6) Marsha P. Johnson

She is a considered a huge avocate for transgender rights. She was a drag performer, sex-worker, and self-identified as a transvestite (cross dresser), who participated in the Stonewall riots in 1969. These riots against routine police harassment were an important factor in the gay rights movement. After the riots ended, Johnson become a leader in the LGBTQ+ community and used that power to start the Street Transvestite Action Revolutionaries, whose aim was to help transgender youth. Even though Marsha P. Johnson herself never officially states that she identifies as transgender, she did do a lot for that community.

7) Sylvia Rivera

Rivera was a gay and transgender activist who is given credit for throwing the second Molotov cocktail in the Stonewall riots.
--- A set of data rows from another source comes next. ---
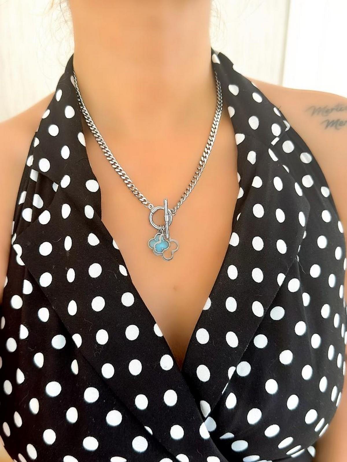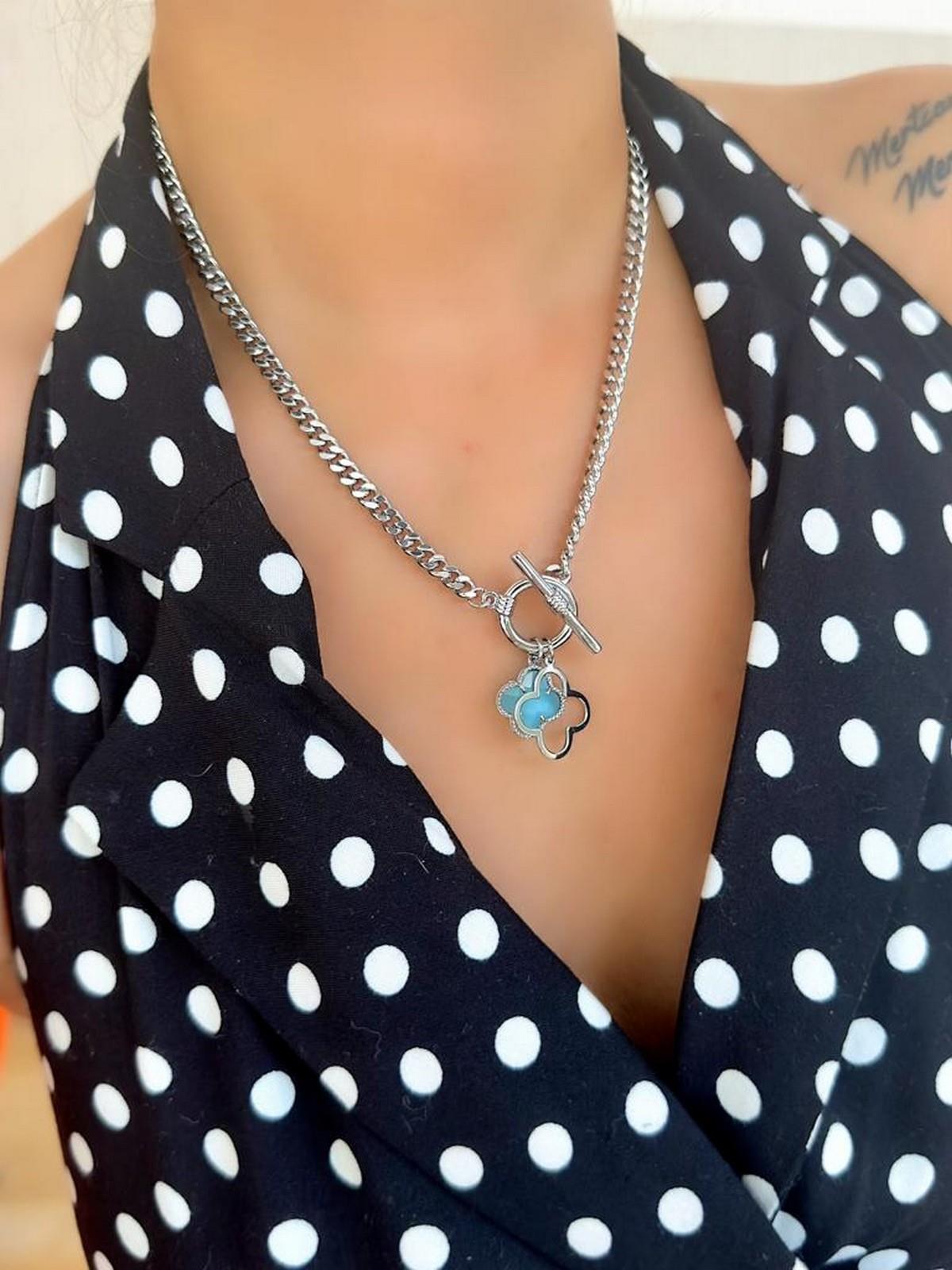 Mavi Cam Taş Detaylı Yonca Model Kolye
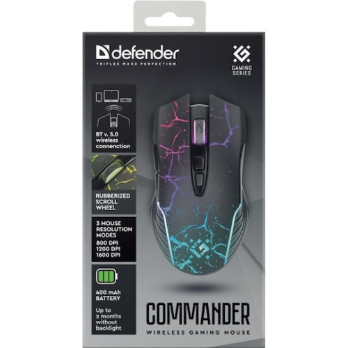 Defender GM-511 Commander Ασύρματο RGB Gaming Ποντίκι Μαύρο (52511)
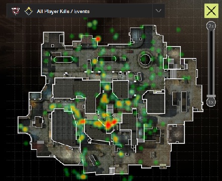 The brighter the spot on the map, the more shots were fired from that spot. This will often show you what we call the ‘Bottlenecks’ of a map. (This map is ‘Bootleg’)

After that she helped Marsha P. Johnson in creating the Street Transvestite Action Revolutionaries. Throughout her life she has experienced many things such as, drug addiction, incarceration, sex work, and minority inequality, which caused her to fight for rights of these groups of people.

8) Billie Jean King

She is a professional tennis player who earned 39 Grand Slam titles from 1966 to 1975. However in 1981 she was outed as a lesbian, and despite her publicists telling her to deny the claim, she confirmed the rumors. This made her the first openly gay athlete.

9) Gilbert Baker

In 1978, one of Baker’s friends asked him to make a symbol for gay pride; using the United States flag as inspiration he hand-sewed a rainbow flag. He stated that every color on the flag represents something important within the community, for example the red was for life. The rainbow flag, which today is an indication of gay pride, was first used on June 25, 1978, in San Francisco for Gay Pride Day. 

10) Edith Windsor

Her wife, Thea Spyer, died in 2009, which started a court battle which would change legal rights for the LGBTQ+ community forever. The government didn’t view Windsor and Spyer’s marriage as legally binding since they were two women, which left Windsor to pay $350,000 in taxes. She started to  bash the Defense of Marriage Act in court, which ultimately sent  this case all the way up to the Supreme Court. The Supreme Court ended up ruling that Section 3 of the DOMA (which allowed the federal government to not recognize same-sex marriages as legal for the purpose of federal laws) as unconstitutional. This court case helped pave the way for the legalization of same-sex marriage.

11) Elliot Page

Page is most famously known for his role on Netflix’s “The Umbrella Academy,” and came out as transgender in December of 2020. In his coming-out post on Twitter he wrote: “I love that I am trans. And I love that I am queer. And the more I hold myself close and fully embrace who I am, the more I dream, the more my heart grows and the more I thrive.” It’s been some time since that was posted, and Page has already gone through top surgery, and has been on Oprah to speak about his journey. He shared with Oprah, “With this platform I have, the privilege that I have, and knowing the pain and the difficulties and the struggles I’ve faced in my life—let alone what so many other people are facing—it absolutely felt crucial and important for me to share that.”